With more than 12.5 million people in the U.S. unemployed, some politicians push manufacturing as an answer to the nation's economic woes, suggesting that bringing back factory jobs from overseas represents a return to greater prosperity. Gary Pisano, a professor of business administration at Harvard Business School and co-author of "Producing Prosperity: Why America Needs a Manufacturing Renaissance," is skeptical of that approach.

"The idea that we will employ a large share of workers in manufacturing again is not going to happen," Pisano said, adding that the days when manufacturing provided a good living for people with little more than a high school education are gone because the U.S. cannot compete with wages paid in developing countries.

Pisano said the country needs a policy aimed at spurring research and development that will produce better-paying, highly skilled manufacturing jobs. The drawback, he said, is such jobs will be small in number.

Meanwhile, factory wages could fall further, predicts Howard Wial, executive director of the Center for Urban Economic Development and a nonresident senior fellow at the Brookings Institution. Historically, Wial said, unionized workers have accepted concessions in bad economic times by counting on getting something back during good years. But that's no longer necessarily true. A case in point is the recent agreement between Carterpillar, enjoying record profits, and machinists at a plant in Joliet.
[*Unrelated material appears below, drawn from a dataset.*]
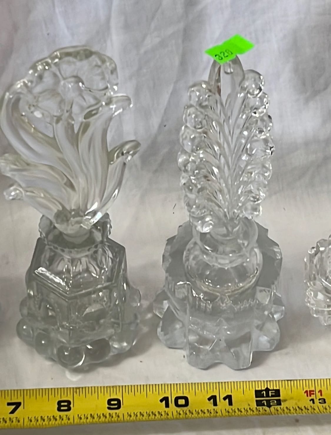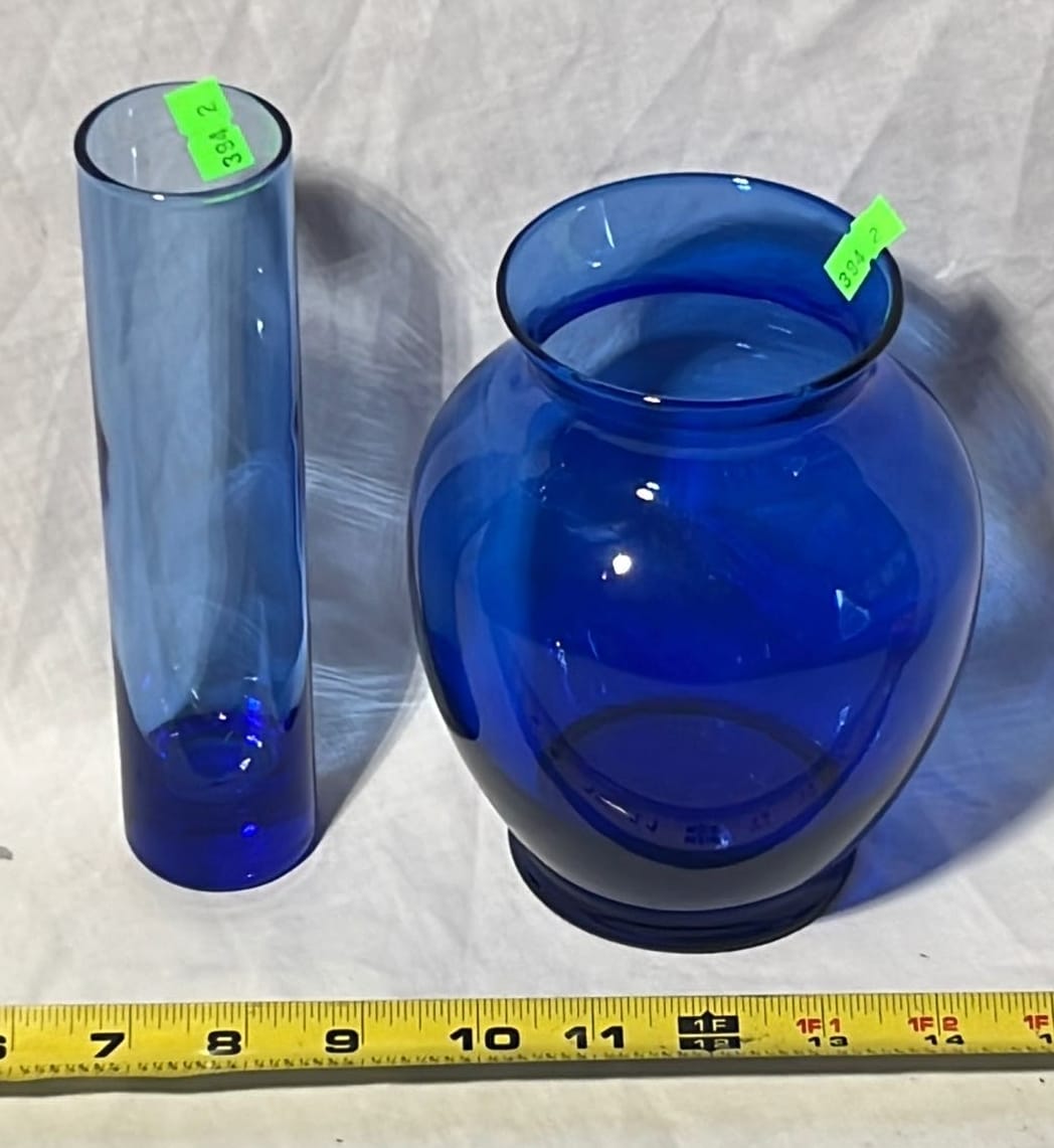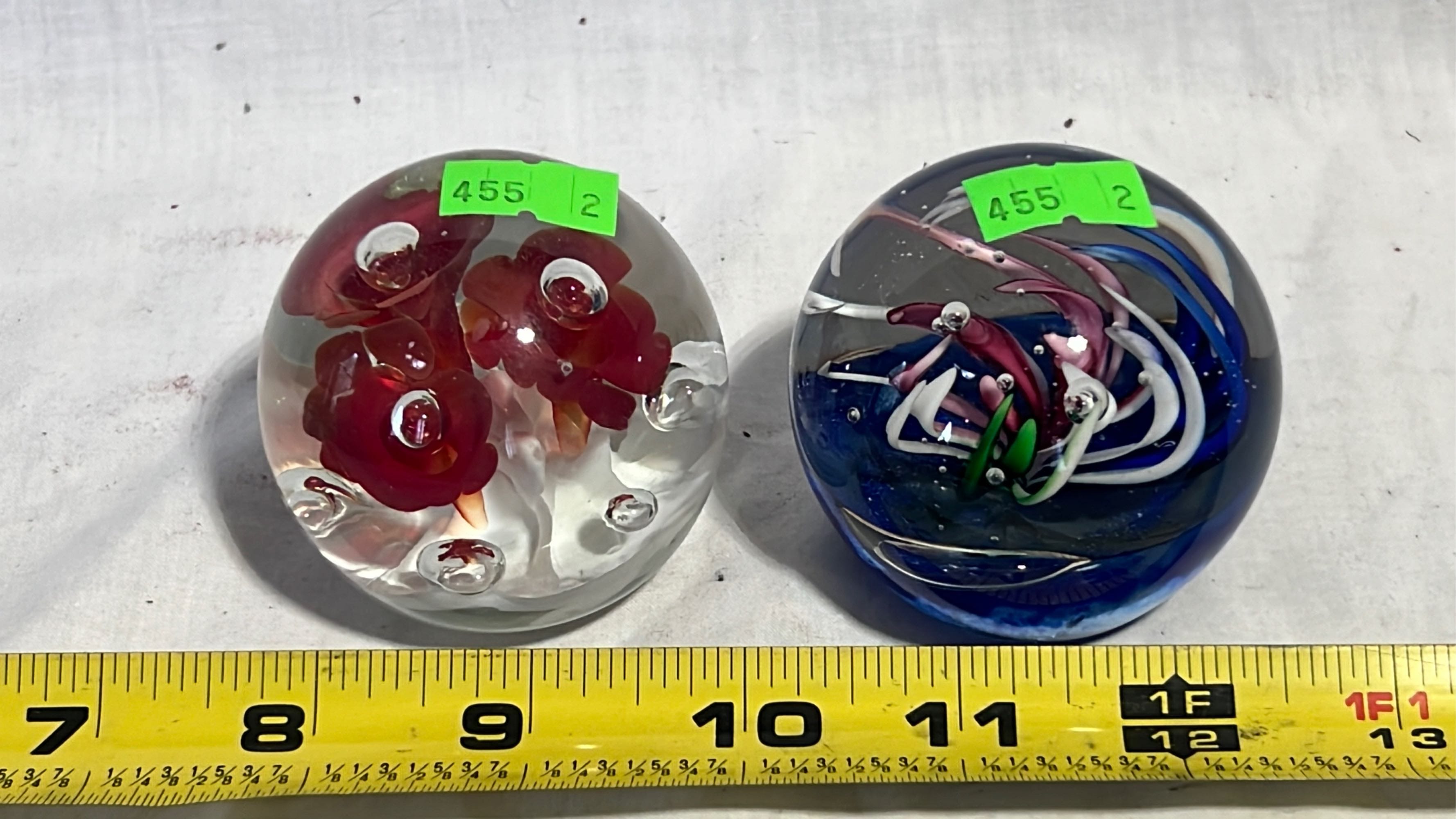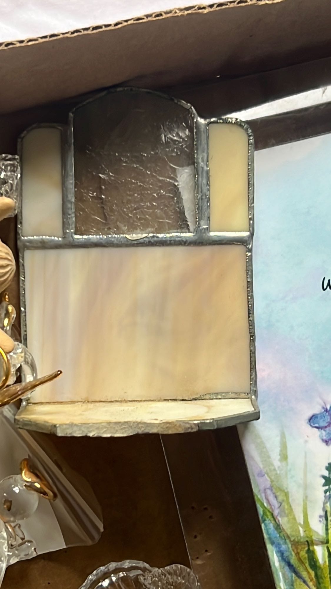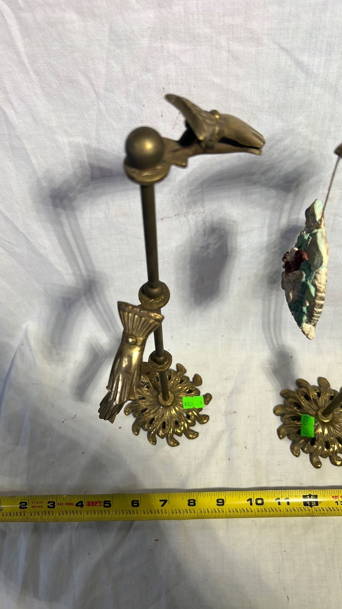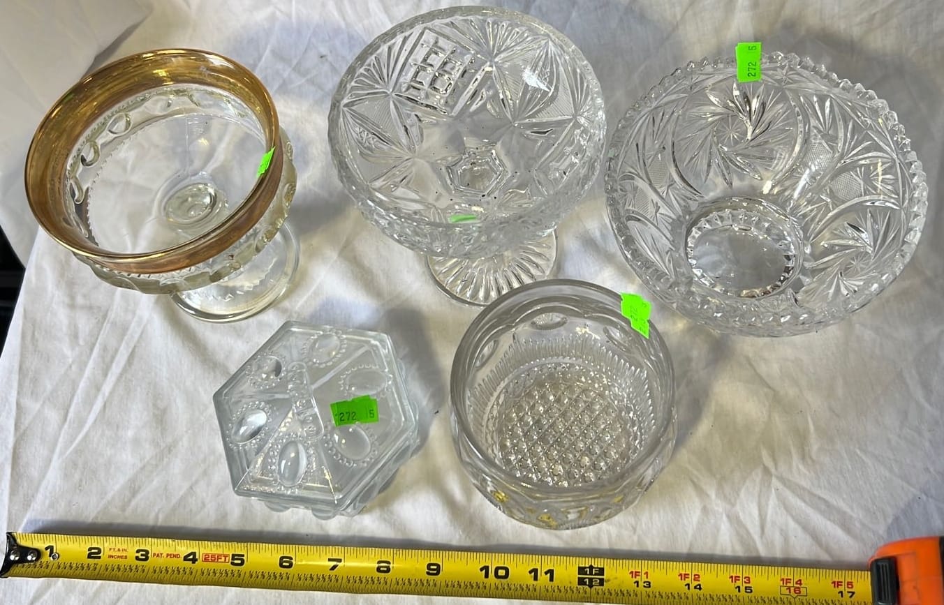 106 Gibson Blue Glass Lid 2.5” • Clear Ball No. 10 Lid 2.25” • Vintage Letter Opener • Brown Funeral Home Thermometer Advertisement 6.5” • Peacock Feathers 16”

In mid-August, after machinists had been striking for 3 1/2 months, the union approved a contract that calls for a one-time 3 percent wage increase for workers hired after May 2005 at a reduced hourly pay, while freezing wages of those hired before that date who were on higher pay scales. The agreement, Wial said, may set the groundwork for companies to demand concessions from workers even while they are reaping robust profits.